Three-dimensional and advanced postimage processing software can prove to be extremely valuable in both detection as well as treatment planning.

Dual-energy CT is an advanced CT technique that allows for better material differentiation, can also overcome some artifacts thus improving CT pulmonary angiogram scan quality at relatively reduced contrast and radiation dose [17].

Role of MR angiography - Magnetic resonance imaging, while not as commonly used as CTA for evaluating the pulmonary arteries, is a viable alternative where CTA cannot be employed (ie, allergy to iodinated contrast material, renal insufficiency, metallic heart valve implants). Fast spin echo and gradient echo imaging are useful in the morphologic evaluation of pulmonary vasculature from the main pulmonary trunk to the subsegmental level.

Management

After diagnosis the treatment must be targeted to the underlying cause or causes as well as choosing the least invasive procedure to treat the aneurysms with a favorable outcome.

Neither a consensus to treat PAA based on size criteria nor treatment guidelines delineating the roles of medical or procedural disciplines currently exist, hence a multidisciplinary approach to the problem might be beneficial.

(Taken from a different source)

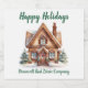 Dieses niedliche Weihnachtssekt-Label hat Ihren personalisierten Firmennamen und Happy Holidays in schick grüner Typografie sowie ein schönes Bild eines Hauses im Winter umgeben von Kiefern. Berufliche Feriengeschenke für echtes Anwesen Business Marketing.
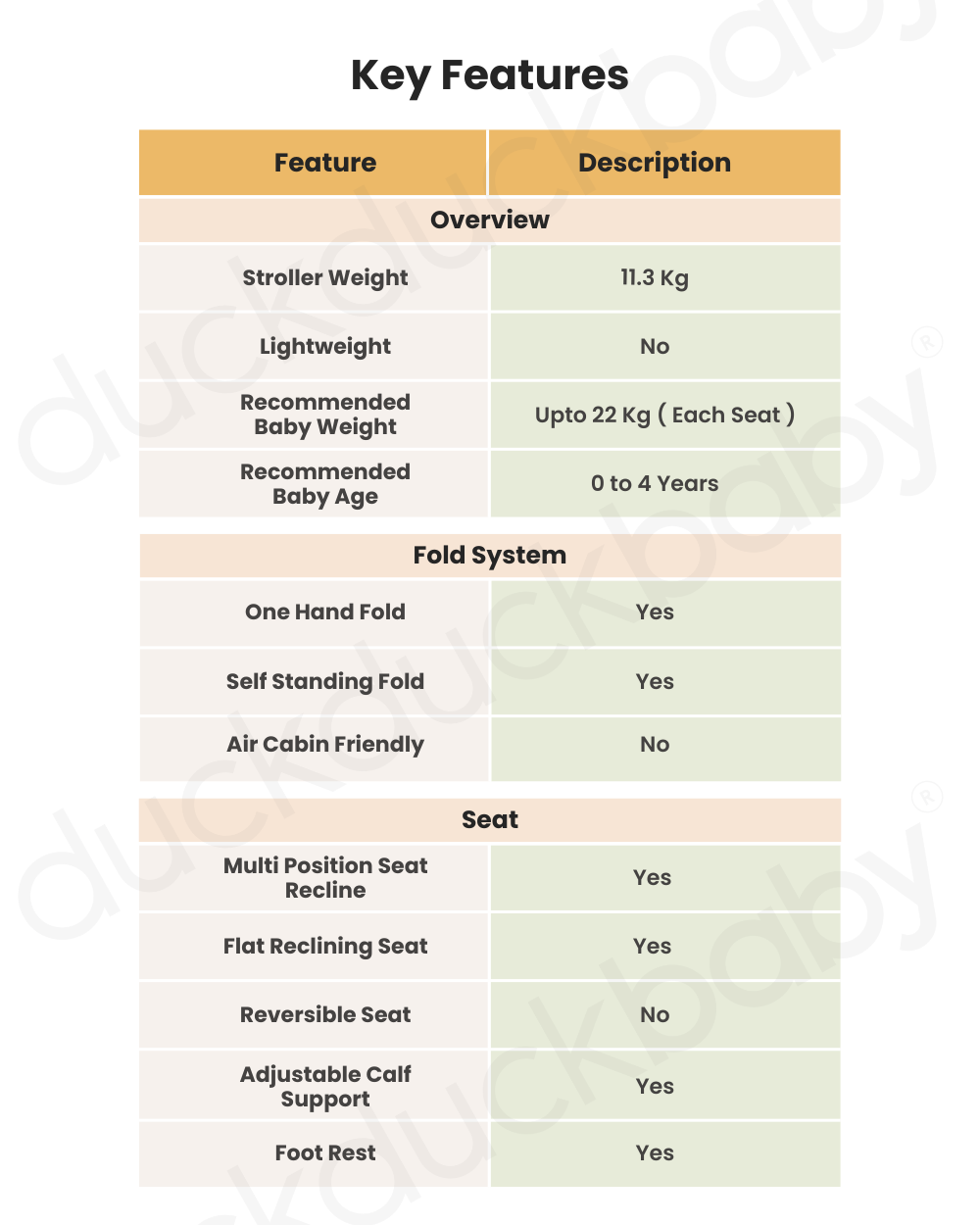 • Side-by-Side Seating for Two: Comfortably seats two children from birth up to 22 kg per seat, providing a cozy, individualized space for each child.

Several surgical techniques are available like aneurysmorrhaphy, lobectomy, bilobectomy, aneurysmectomy, and pneumonectomy [23], however surgical resection carries a high risk of intrapulmonary hemorrhage in case of pulmonary hypertension.

Endovascular treatment [18] can be offered as the first line therapy when feasible with the advantage of less morbidity and mortality feasible. Endovascular therapy may best serve saccular PAA or PAPA, both in the central and peripheral pulmonary arteries [18], [19], [20], [21], [22].

Coil embolization of arterial aneurysms or pseudoaneurysms throughout the body is a widely accepted minimally invasive therapy. However bronco-pulmonary shunting is to be ruled before such a procedure.

Vascular plugs, stent-assisted coil embolization, glue (cyanoacrylate), and transcatheter balloon embolization are the other techniques used.

Conclusion

To summarize, pulmonary artery aneurysms are rare entities that warrant a prompt diagnosis and treatment despite non specific clinical features. CT pulmonary angiography remains the gold standard investigation of choice. Despite not having a large scale consensus on their management, by a multidisciplinary team of intensivist, pulmonologist, interventional radiologist, thoracic surgeon should plan an approach that would prove beneficial with minimal procedure related morbidity and mortality and improving survival.